利用Gleeble-3800热/力模拟机研究了Nb-V-Ti-N微合金钢的动态连续冷却转变规律，并探讨了再结晶区变形后冷速对其组织及性能的影响。结果表明：当冷速由0.1℃/s增大至30℃/s时，实验钢发生铁素体、珠光体、贝氏体和马氏体相变，冷速区间分别为0.1～30℃/s、0.1～8℃/s、3～30℃/s和15～30℃/s;随着冷速的增大，铁素体、珠光体和贝氏体相变温度分别由785、682和498℃降低到625、553和415℃,而马氏体相变温度则由342℃升高为365℃。当冷速由3℃/s增大至8、20和30℃/s时，钢中大角度晶界占比由0.734不断减少到0.509;平均有效晶粒尺寸先由10.62μm减小到7.46μm后增大到9.61μm,最小值在20℃/s获得；平均KAM值先由0.419°略降低到0.407°后升高到0.691°,最小值在8℃/s获得。此外，当冷速由0.1℃/s增大至30℃/s,实验钢的显微硬度由(197±23.3) HV0.1逐渐增加到(316±11.8) HV0.1,屈服强度由(475±67.1) MPa增加到(818±33.9) MPa。

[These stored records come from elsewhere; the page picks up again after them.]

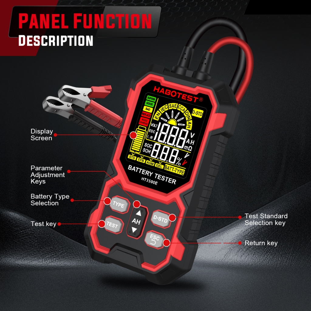 HABOTEST HT3500E เครื่องทดสอบเครื่องวิเคราะห์แบตเตอรี่รถยนต์สีดํา 8V-30V BM550 ระบบตรวจจับแบตเตอรี่ เค
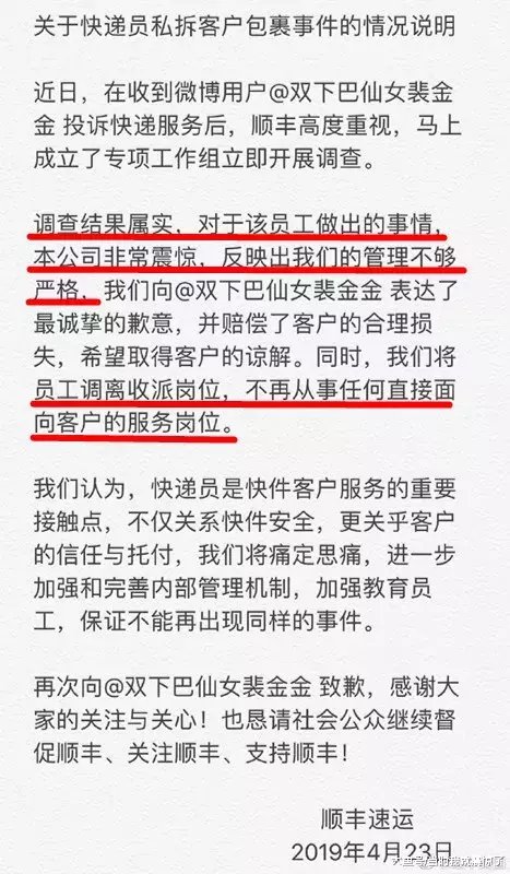 事情在曝光后,顺丰官方也给了回应:
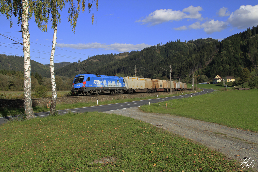 Neben der schönen Werbelok gefällt auch der Kontrast zwischen der modernen Fahrleitung und den (Bahnfremden)-Holzmasten.
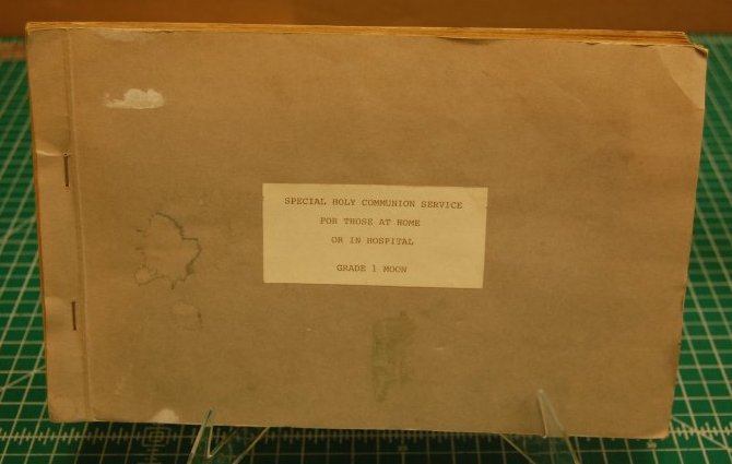 - Gray paper covers; stapled along left edge. Print label on front cover reads "Special Holy Communion Service For Those At Home Or In Hospital, Grade 1 Moon."
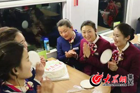 大眾網萊蕪2月14日訊(記者 亓秀寶)張超冉,是一名普通的列車員,她擔當列車員已有三年,猴年除夕她正在飛速的列車上值班,而這一天恰巧也是她的生日。不能回家陪家人過年,也不能和家人一同度過生日,但是在這一天,張超冉得到了意外的生日禮物,整個高鐵車廂一路幸福滿載。
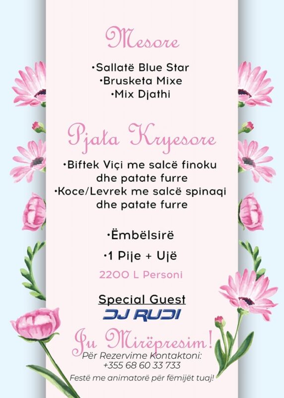 Organizimi do të jetë në drekë dhe në darkë e shoqëruar me Dj. (Dj. Rudi).
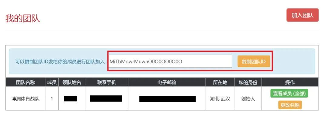 步骤三:团队创建成功后,可在个人中心“我的团队”复制团队ID发给团队成员加入团队
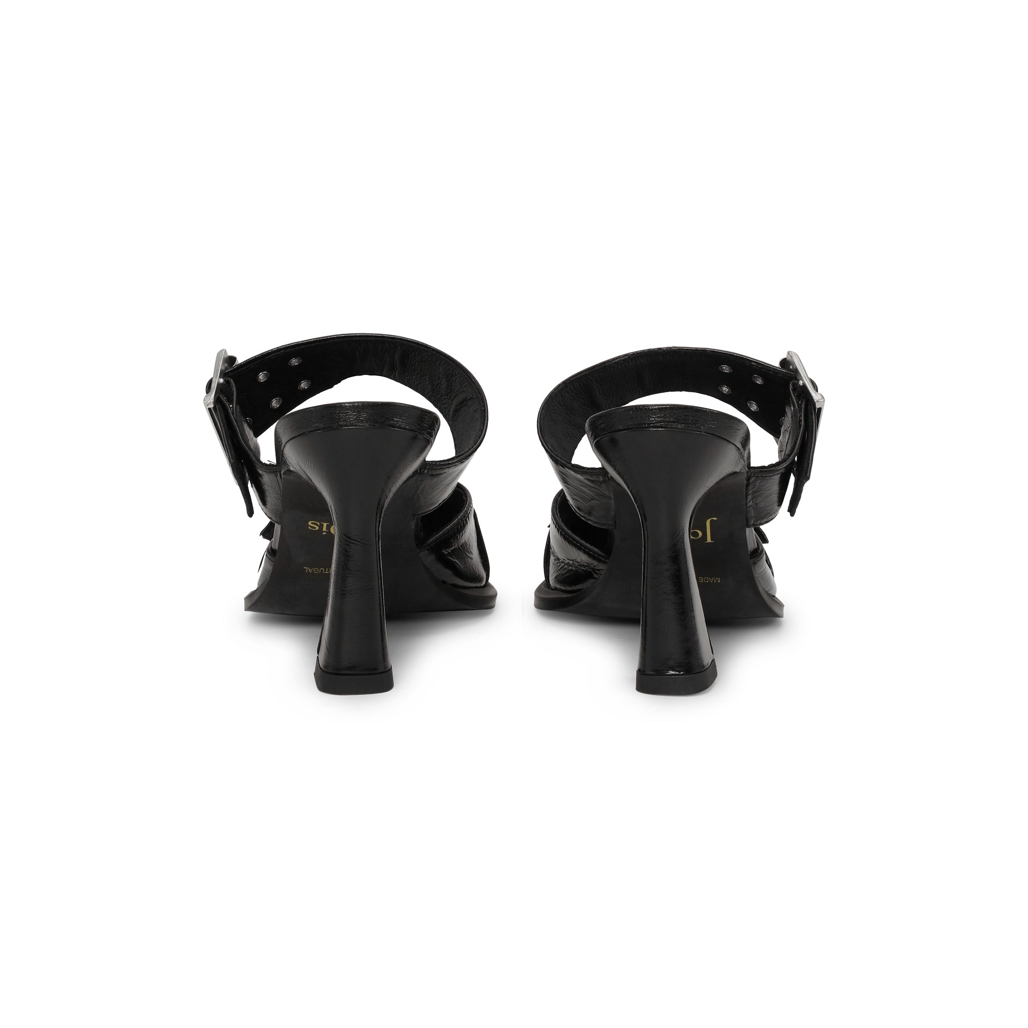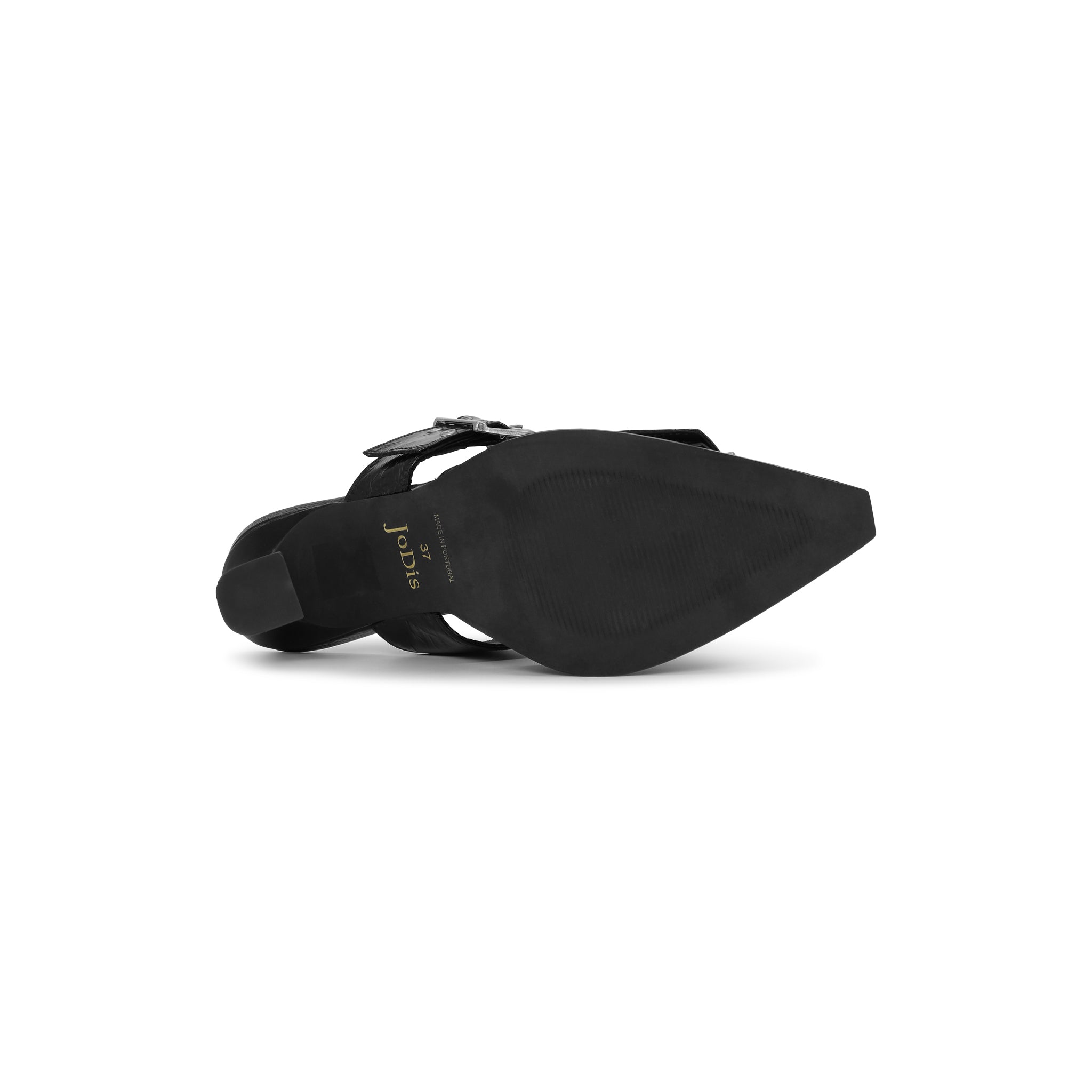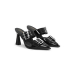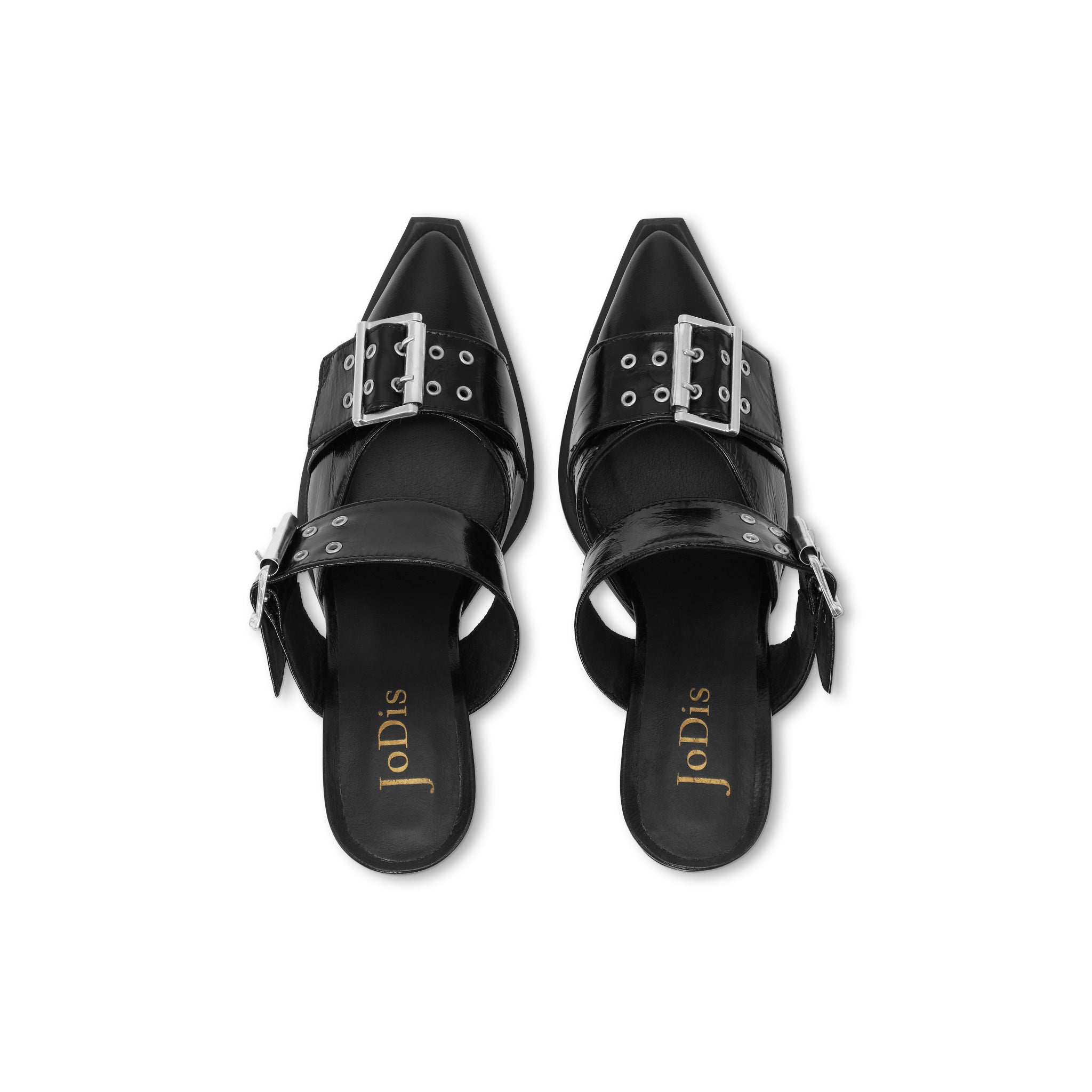 KLEO Black patent combines luxury and style with its decorative metal buckles and pointed toe. With its slim 8 cm high heel, this shoe is both sophisticated and versatile, perfect for everyday wear and festive occasions. The ideal choice for those who want to stand out with luxurious details and timeless design.
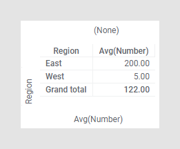 The expression used for calculating the cell values is average (Avg). The Grand total is calculated on the underlying rows ((200+300+1+9+100)/5=122), and not on the cell values.
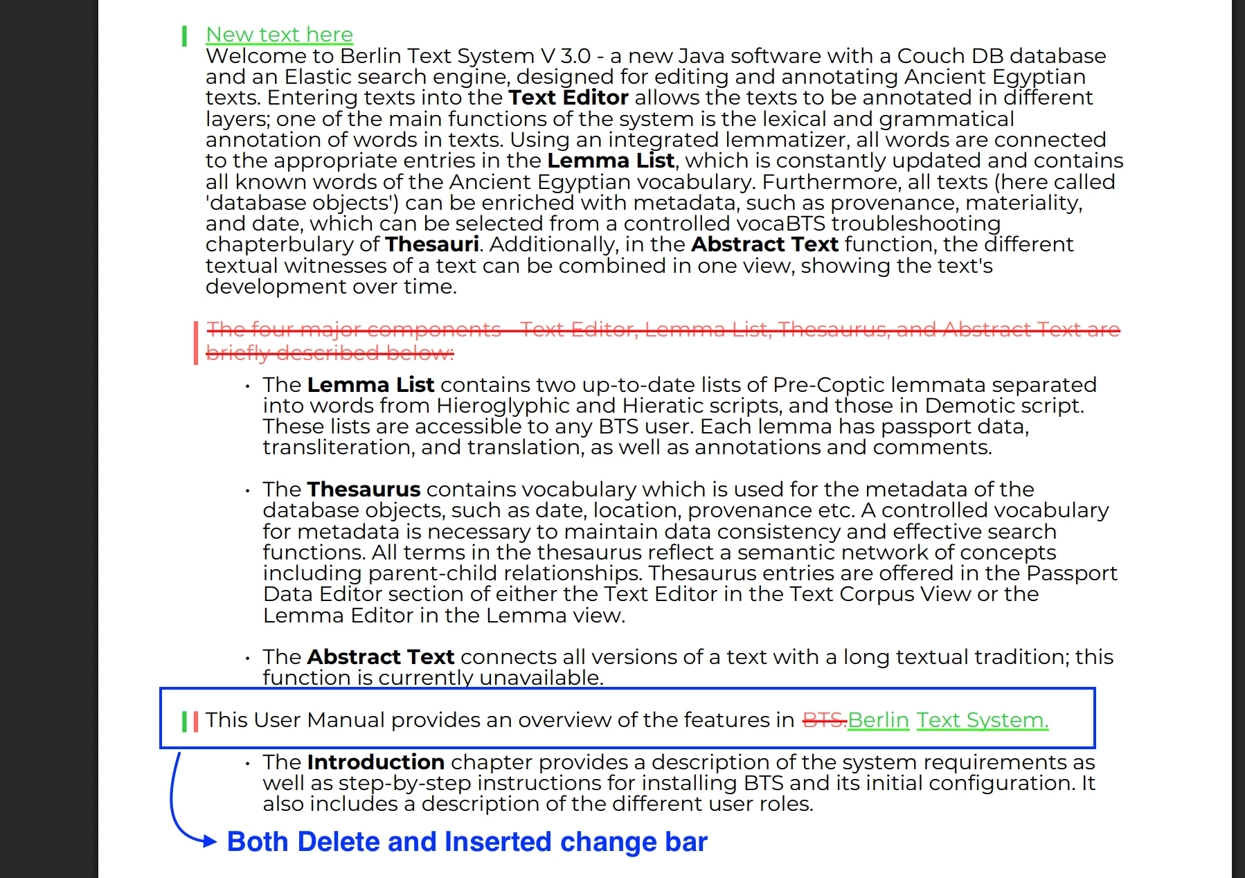 Guides allows the ability to view the differences between versions of the same topic. In this view there are red and green bars indicating additions and deletions. They are displayed side by side in the left margin in the location the change was made.
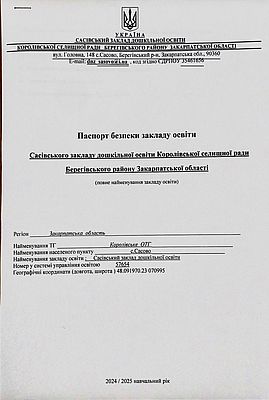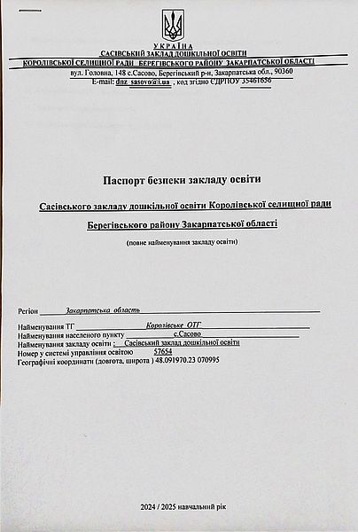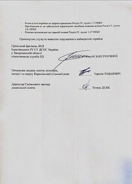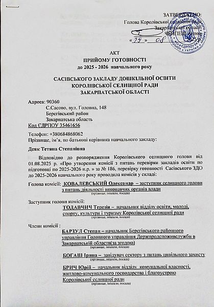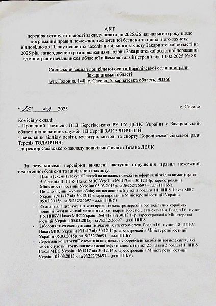Акт перевірки стану готовності закладу дошкільної освіти до 2025-2026 навчального року щодо дотримання вимог пожежної, техногенної безпеки та цивільного захисту
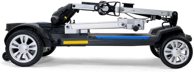 The scooter folds to a compact size for transport. To unfold:

分析可知，为了获得良好的强度-韧性配合，实验钢再结晶区变形后适宜的冷速为8℃/s。

关键词(KeyWords)： Nb-V-Ti-N微合金钢;冷却速率;组织演变;动态连续冷却转变曲线;力学性能

Abstract:

Keywords:

基金项目(Foundation): 国家自然科学基金(52104333,51804170,51874186)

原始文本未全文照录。